Добавить в цитаты Настройки чтения

Страница 11 из 112



— Что Вы такое, сударь, говорите, — Степан истово перекрестился. — Я как есть христианин православный…

— Ну, а коли ты христианин, то и поступай по-христиански. — Сергей усмехнулся. — Позволь тебе, любезный, напомнить, что землица моя и коли в ней что-нибудь есть, то это тоже мое!

Степан опустил глаза и согласно кивнул.

— Однако же, сударь, карта у меня.
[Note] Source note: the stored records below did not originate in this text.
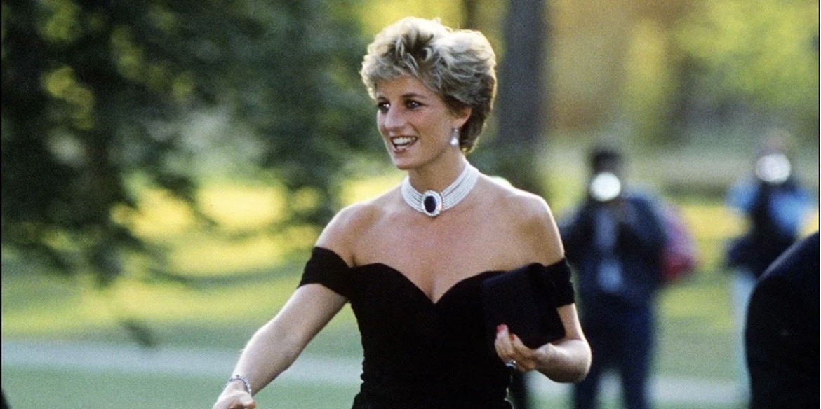На приём в галерею Серпентайн в Лондоне Диана надела короткое чёрное платье с открытыми плечами от Christina Stambolian. У наряда была интересная предыстория:
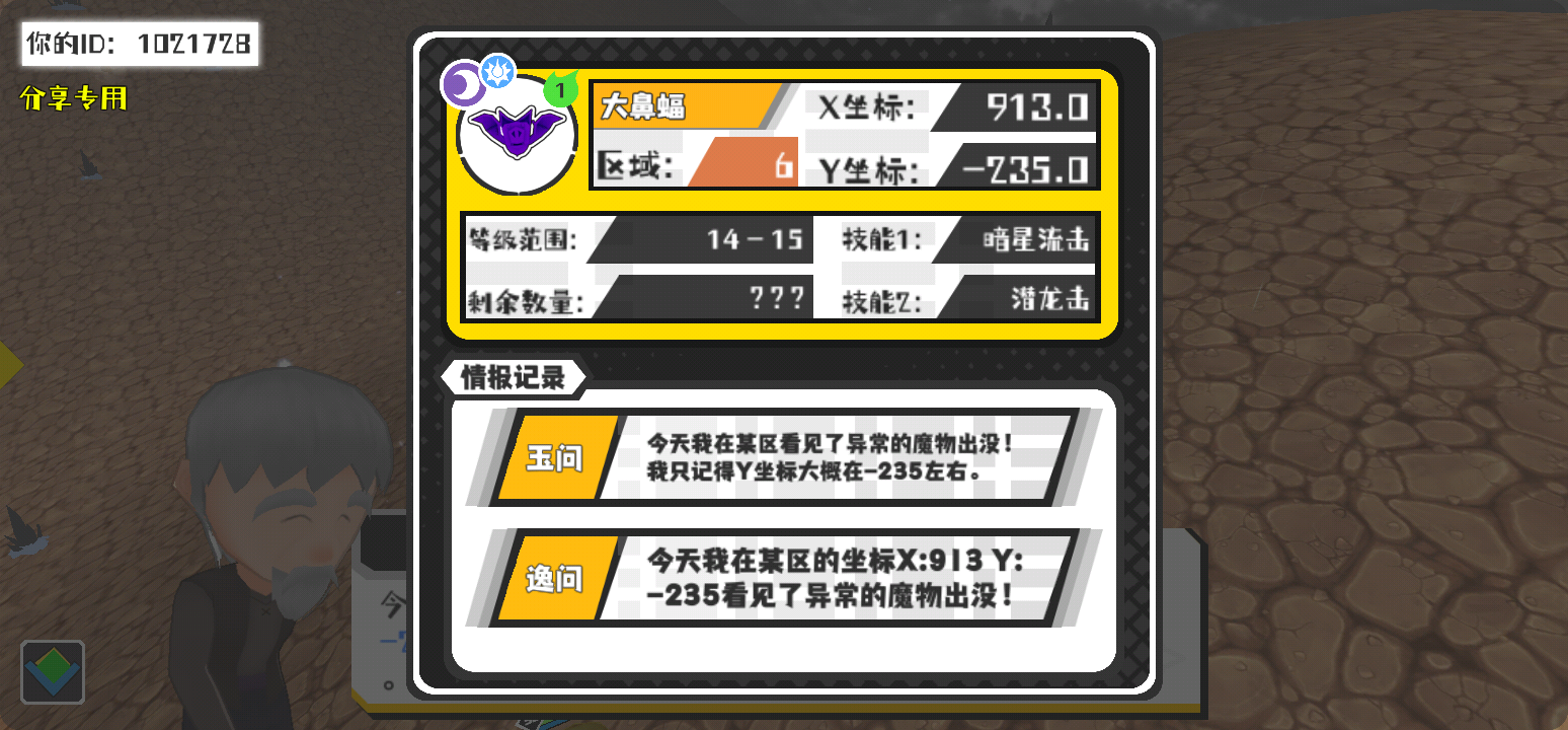 幸运时刻分享! 【魔物异常出没】3月22日下午7点 - 大鼻蝠【强度1】 【6区】 【X:913.0, Y:-235.0】
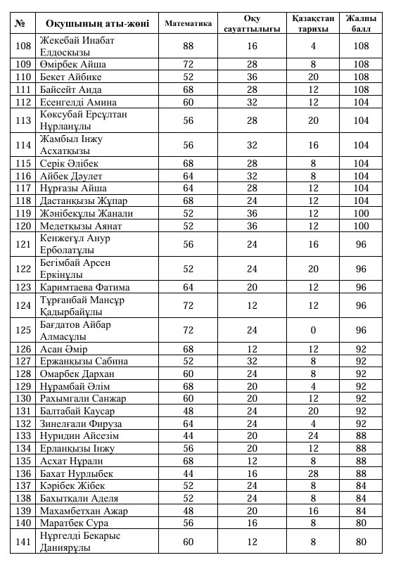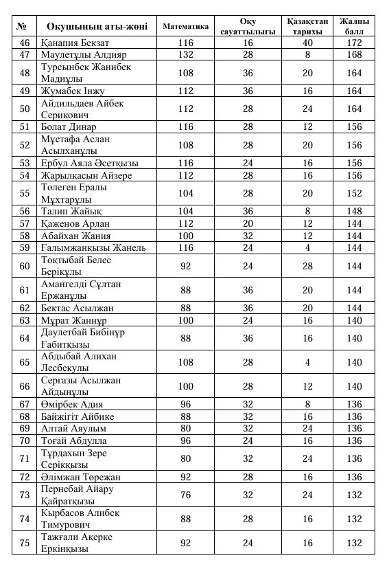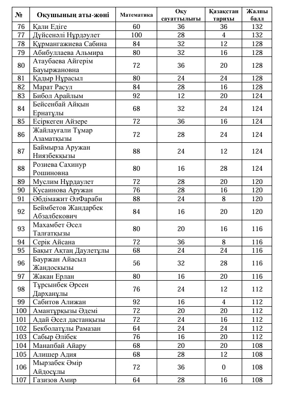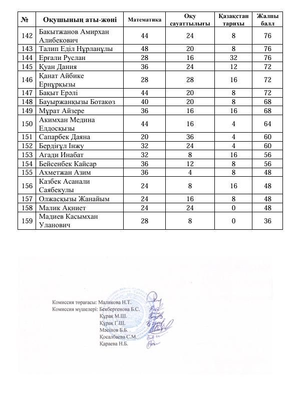 С.А.Ходжиков атындағы №39 мамандандырылған лицейдің 7-сыныптарда босаған орынға түсушілер үшін 2025 жылдың 7 маусымы күні өткізілген тест жұмысының қорытындысы

Кабы я Вам не открылся, так Вы и не знали бы ничего вовсе…

— Не скряжничай, Степан Афанасьич, а то ведь я и отобрать твою карту могу. Что делать станешь?

Степан сразу же пришел в сильное волнение. Он весь подобрался, натянулся, как струна на балалайке, при этом рябь на лице его пришла в хаотичное движение, обнаруживая бурную игру страстей.
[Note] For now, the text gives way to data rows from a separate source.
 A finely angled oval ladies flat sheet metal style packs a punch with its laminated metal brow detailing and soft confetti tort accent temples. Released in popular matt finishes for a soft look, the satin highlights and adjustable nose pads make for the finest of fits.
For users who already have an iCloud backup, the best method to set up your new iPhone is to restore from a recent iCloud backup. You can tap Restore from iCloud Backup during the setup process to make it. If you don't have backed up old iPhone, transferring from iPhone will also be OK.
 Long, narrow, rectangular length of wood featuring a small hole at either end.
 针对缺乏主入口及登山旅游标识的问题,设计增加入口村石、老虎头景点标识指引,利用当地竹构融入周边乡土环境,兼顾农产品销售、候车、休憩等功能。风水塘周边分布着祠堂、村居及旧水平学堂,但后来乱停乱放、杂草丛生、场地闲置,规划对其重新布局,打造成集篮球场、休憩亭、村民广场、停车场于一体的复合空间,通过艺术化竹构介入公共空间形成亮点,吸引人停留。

Он отшатнулся к стене и быстро сунул бумагу за пазуху.

— Помилуйте, сударь, за что?

— Ладно, ладно, шучу, не щетинься, — Нарышкин весело засмеялся.

— Я Вам душу выворотил, открылся, наизнанку вывернулся, а Вы потешаетесь…
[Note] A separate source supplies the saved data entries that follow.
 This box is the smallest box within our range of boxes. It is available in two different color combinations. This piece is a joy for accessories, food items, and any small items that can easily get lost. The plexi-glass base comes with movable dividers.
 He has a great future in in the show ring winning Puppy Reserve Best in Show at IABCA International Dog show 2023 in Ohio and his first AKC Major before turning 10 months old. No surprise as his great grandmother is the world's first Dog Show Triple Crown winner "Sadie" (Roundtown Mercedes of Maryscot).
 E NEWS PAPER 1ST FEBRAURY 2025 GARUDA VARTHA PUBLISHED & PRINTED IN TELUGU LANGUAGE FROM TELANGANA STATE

— Да ты же мне, сукин кот, авантюру предлагаешь. Мне — дворянину! Ну, вот что, драгоценный Степан Афанасьич, сделаем так: десятую часть, пожалуй, уступлю тебе за красивые глаза твоей Катерины. Я же, так и быть, согласен поступиться своей дворянской честью и влезть в это сомнительное, темное дельце за остальную, как ты выразился, толику.

Выгоревшие на солнце брови Степана взлетели вверх.

— Помилуйте, сударь! Нешто можно так. У нас с дочкой, окромя этой карты…

— Слышал я уже твои стенания. Так и быть! Восьмую часть — крестнице моего покойного управляющего, остальное — мне как землевладельцу!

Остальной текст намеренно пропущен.